I don't quite get the overall subsequence matching strategy you follow, but focusing on the code alone there are two things you can do to improve efficiency:

Having a sequenced index means that the expression
```
std::distance(get<1>(data).begin(),next)
```
runs in linear time. Define this index as random_access instead
```
typedef multi_index_container <
    float
  , indexed_by <
        ordered_non_unique<identity<float>>
      , random_access<>
    >
> Floats;
```
and the same expression will execute in constant time.
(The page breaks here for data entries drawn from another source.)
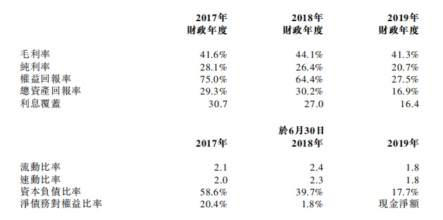 整体毛利率由2017年财政年度的41.6%增加至2018年财政年度的44.1%,此主要由于来自管理服务的收益增加,于2018年财政年度的利润率高所致。毛利率随后减少至2019年财政年度41.3%。
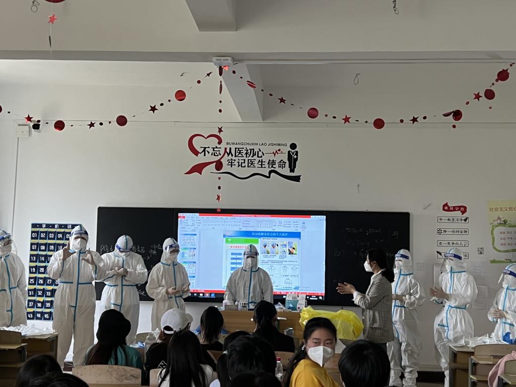 培训班邀请了随州市中心医院的医护工作者就新冠肺炎病毒核酸检测、标本采集、个人防护操作、生物安全管理要求等内容进行培训。重点围绕健康码查阅、核酸录入、穿脱隔离衣、七步洗手法等方面进行了详细的讲解,并现场展示个人防护服穿脱顺序和注意事项以及洗手消毒的正确方法等,让医学院的学生志愿者们直观地掌握操作细节和流程。
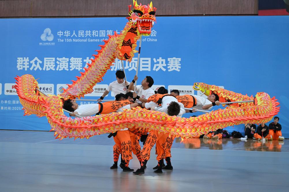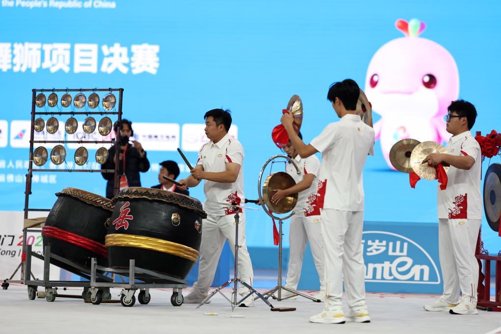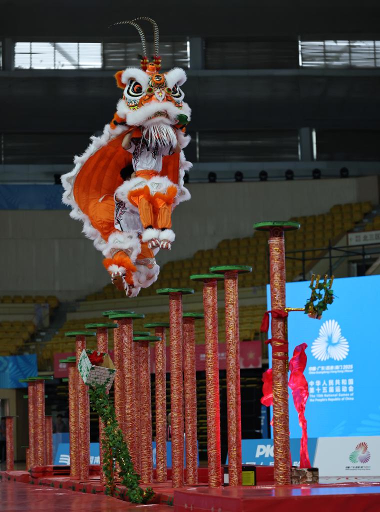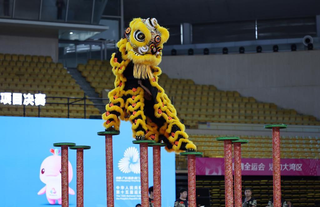 2025年11月11日,粵港澳隊在第十五屆全運會群眾展演舞龍舞獅項目南獅自選決賽比賽中。新華社記者 王鵬 攝
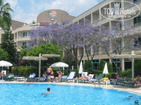 Территория отеля маленькая, ухоженная, зелени много, как раз то, что и выбирали. Бассейн всегда чистый, водные горки есть, катались с детьми. Было очень много пар с маленькими детками, этакий большой детский сад, прикольно.
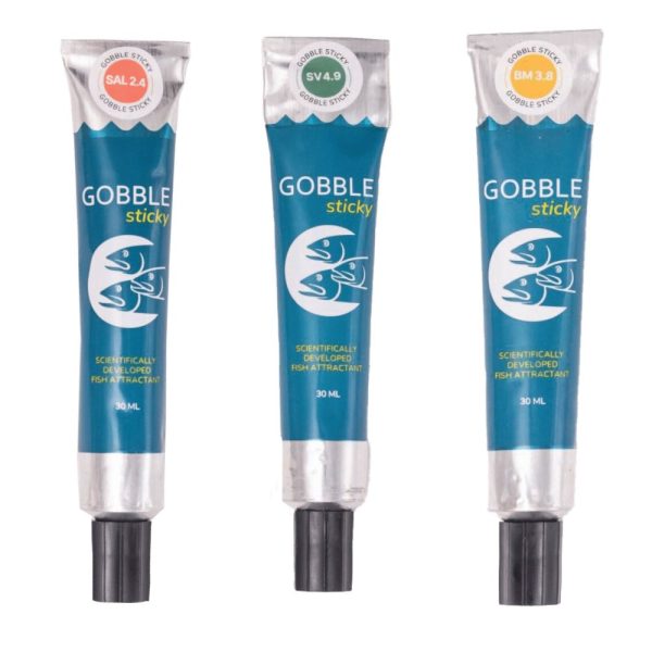 Gobble Sticky er en klebrig krem som kan brukes på alle typer sluker, pilker, wobblere og jigger. Den sitter godt på overflater som metall, plast og gummi. Kremen holder fra 10-30 kast, og opptil en time og ofte lengre på agn som fiskes statisk. Gobble Sticky tilfører lukt og smak som stimulerer fisken til å nappe, uten at den spytter kunstagnet ut igjen. Kan også brukes til å marinere naturlige agn og gummishader før fisk. Gobble Sticky er utviklet og produsert i Norge, av 100 prosent biologisk nedbrytbart materiale.
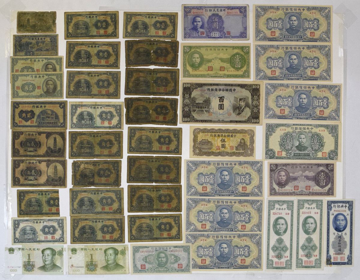 China, 1930s to 1999. Lot of 43 Issued Banknotes, Includes: Central Bank of China, ND (1924), 2 Chiao = 20 Cents, P-194a & P-194b, ABNC; ND (1931), 10 Cents = 1 Chiao, P-202 (18), CHB; ND (1931), 20 Cents = 2 Chiao, P-203, CHB; 1939, 5 Fen = 5 Cents, P-225; 1940, 1 Chiao = 10 Cents, P-226 (2), CHB; 1947, 500 CGUs, P-335, ABNC; 1947, 500 CGUs, P-336a (2), SBNC; Farmers Bank of China, 1937, 10 Cents, P-461 S/M#C290-50, TYPC; 1941, 5 Yuan, P-475 S/M#C290-81, TDLR; Peoples Republic of China, 1999, 1 Yuan, P-895a & P-895b; Central Reserve Bank of China, 1940, 1 Yuan, P-J8a; 1940, 1 Yuan, P-J9c; 1943, 1 Yuan, P-J19a; 1943, 100 Yuan, P-J23a (6); 1944, 10,000 Yuan, P-J38a; Federal Reserve Bank of China, ND (1944), 5 Yuan, P-J79 S/M#C286-72; ND (1944), 100 Yun, P-J83a. Notes range from Good to AU condition. (43). Sold "AS IS" no returns accepted.

I expect the resulting speedup wil be huge.
The code
```
lower=data.get<0>().lower_bound(*i-0.001);
upper=data.get<0>().lower_bound(*i+0.001);
```
looks inside the index twice; you can do it slightly more efficiently by bundling the two ops into one:
```
std::tie(lower,upper)=data.get<0>().range(
    [lo=*i-0.001](float x){return lo<=x;},
    [hi=*i+0.001](float x){return x<=hi;}
);
```
range coalesces the two lookups into one to the maximum extent possible (the internal rb-tree is walked down just once till the point where the two lookup paths diverge), which I expect will yield a modest improvement in performance (of course, you can only know for sure by measuring). The named captures [lo=*i-0.001] and [hi=*i+0.001] are only supported in C++14, if you just have C++11 you'll need to precalculate these values outside the lambda functions. BTW, the interval you get is not exactly symmetrical: to make it so, you should do upper=data.get<0>().upper_bound(*i+0.001).